- Opening Delimiter -
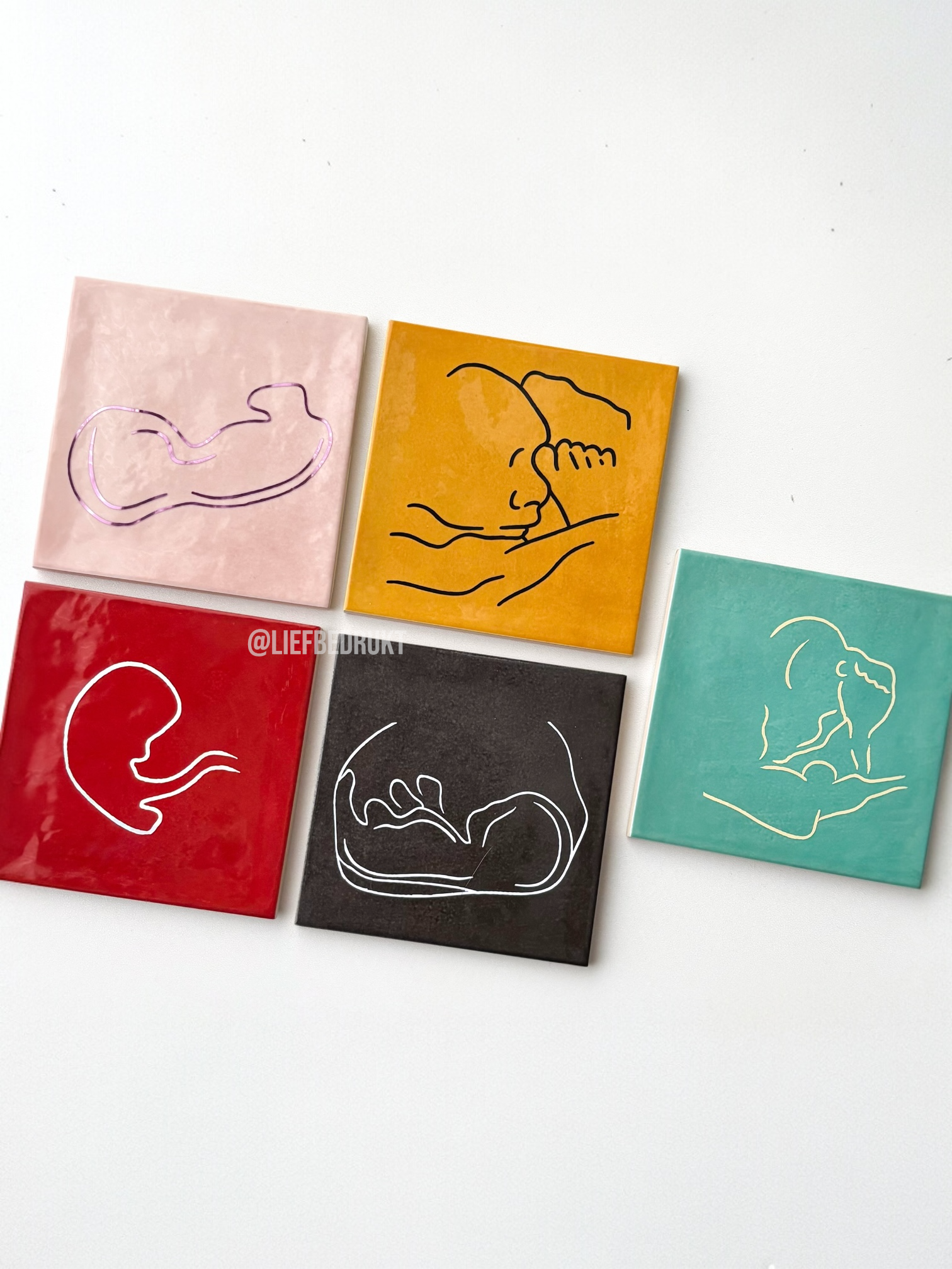 Vereeuwig één van de meest bijzondere momenten met dit handgetekende echo tegeltje. Elk tegeltje wordt met liefde en precisie ontworpen op basis van jouw eigen echo-afbeelding. Dankzij de unieke tekenstijl ontstaat er een persoonlijk kunstwerk dat perfect past in elke babykamer, woonkamer of herinneringshoekje.
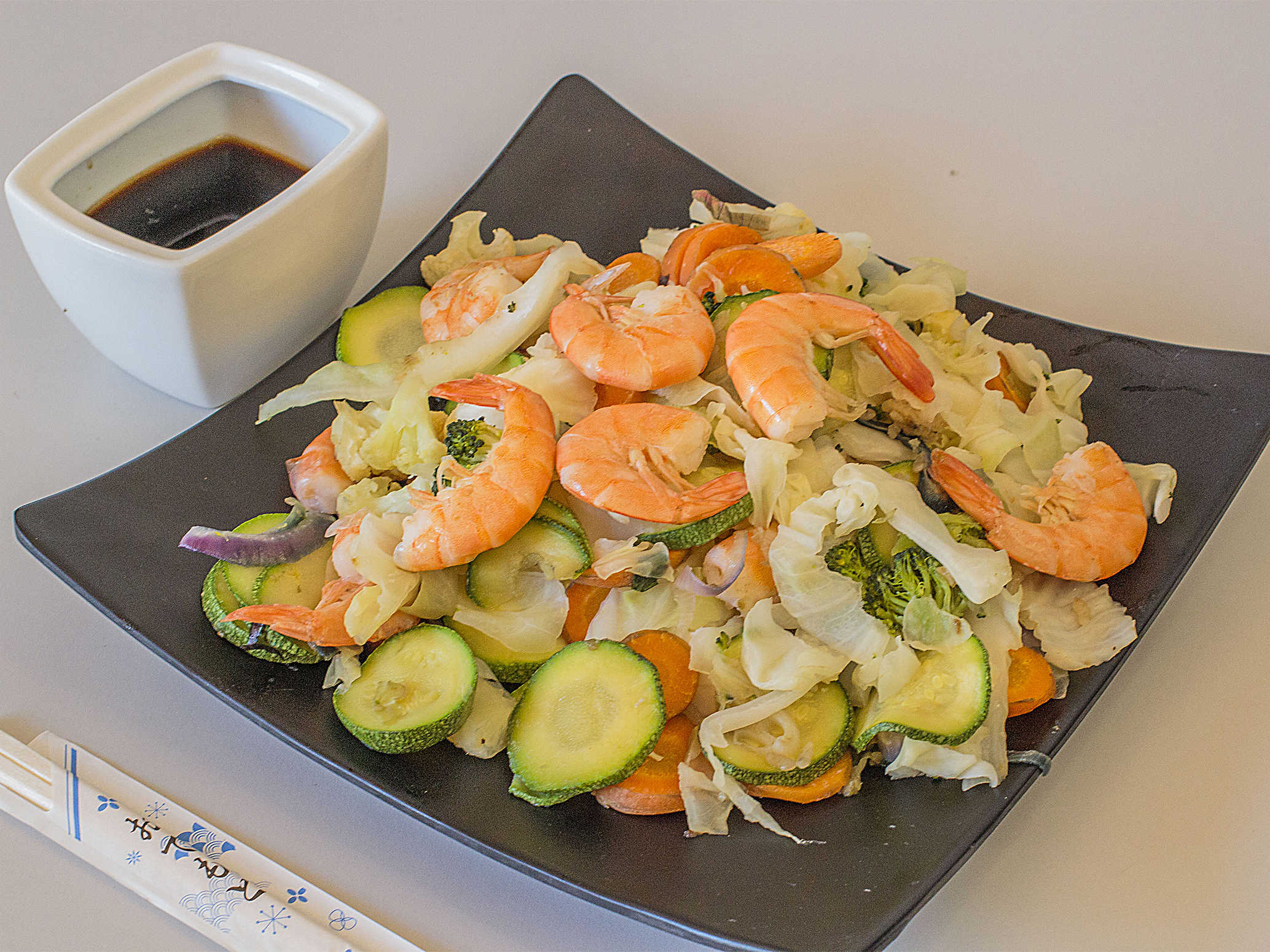 Arroz blanco, con una ensalada de surimi
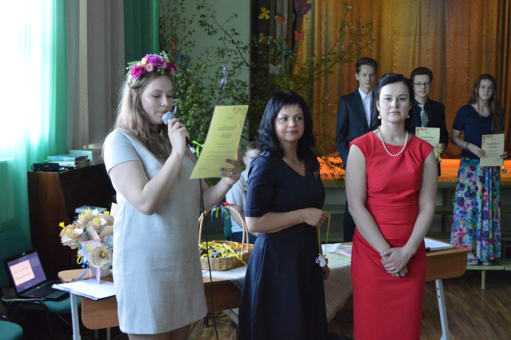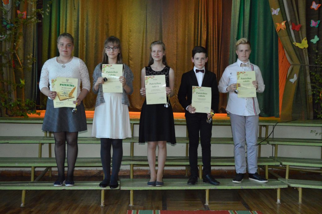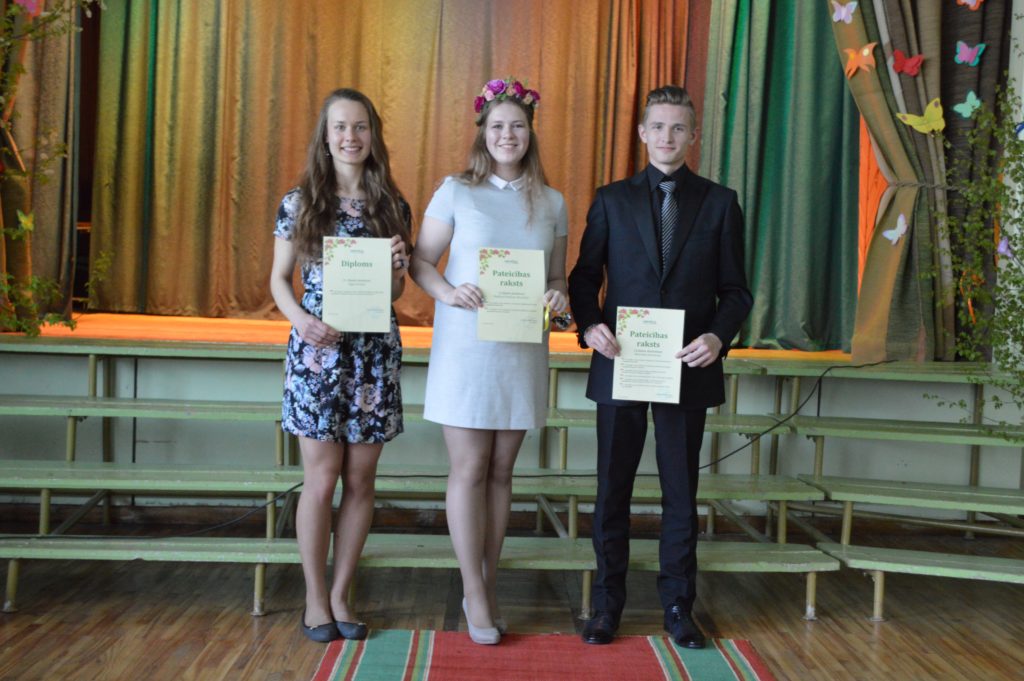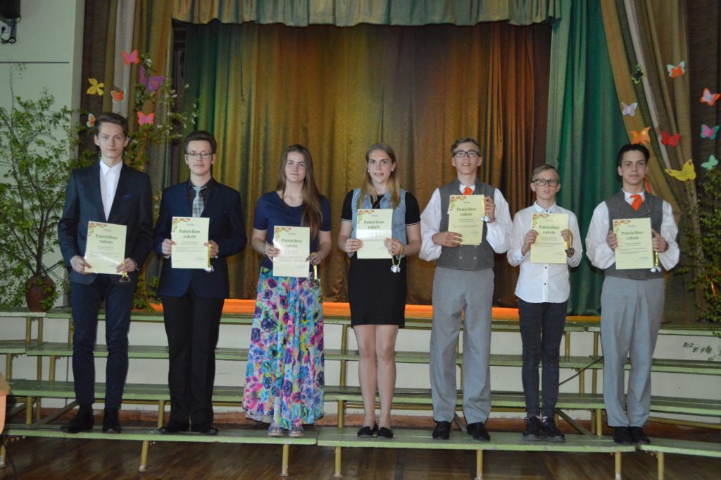 Vidusskolas klašu grupās augsti sasniegumi mācību priekšmetu olimpiādēs ir Kristai Muciņai (10. klase), Kristiānam Kacaram (10. klase), Nadīnai Ozoliņai-Mennikai (11. klase), Diānai Tīrumniecei (12.klase) un Ričardam Kauliņam (12. klase). Apbalvojums par augstiem sasniegumiem folkloras un kultūras jomā – Līgai Ieviņai (11. klase). Pēc sveikšanas skatītājus sagaidīja 8.-12. klašu skolēnu tautas deju kolektīva ”Vēverīši” priekšnesums, kas iepriekš bija priecējis skatītājus Vācijā.
- Closing Delimiter -
_Your instructions_. None of the pictures should be reproduced; all other material above must be set down exactly.

_Written solution_.
 Vereeuwig één van de meest bijzondere momenten met dit handgetekende echo tegeltje. Elk tegeltje wordt met liefde en precisie ontworpen op basis van jouw eigen echo-afbeelding. Dankzij de unieke tekenstijl ontstaat er een persoonlijk kunstwerk dat perfect past in elke babykamer, woonkamer of herinneringshoekje.
 Arroz blanco, con una ensalada de surimi
 Vidusskolas klašu grupās augsti sasniegumi mācību priekšmetu olimpiādēs ir Kristai Muciņai (10. klase), Kristiānam Kacaram (10. klase), Nadīnai Ozoliņai-Mennikai (11. klase), Diānai Tīrumniecei (12.klase) un Ričardam Kauliņam (12. klase). Apbalvojums par augstiem sasniegumiem folkloras un kultūras jomā – Līgai Ieviņai (11. klase). Pēc sveikšanas skatītājus sagaidīja 8.-12. klašu skolēnu tautas deju kolektīva ”Vēverīši” priekšnesums, kas iepriekš bija priecējis skatītājus Vācijā.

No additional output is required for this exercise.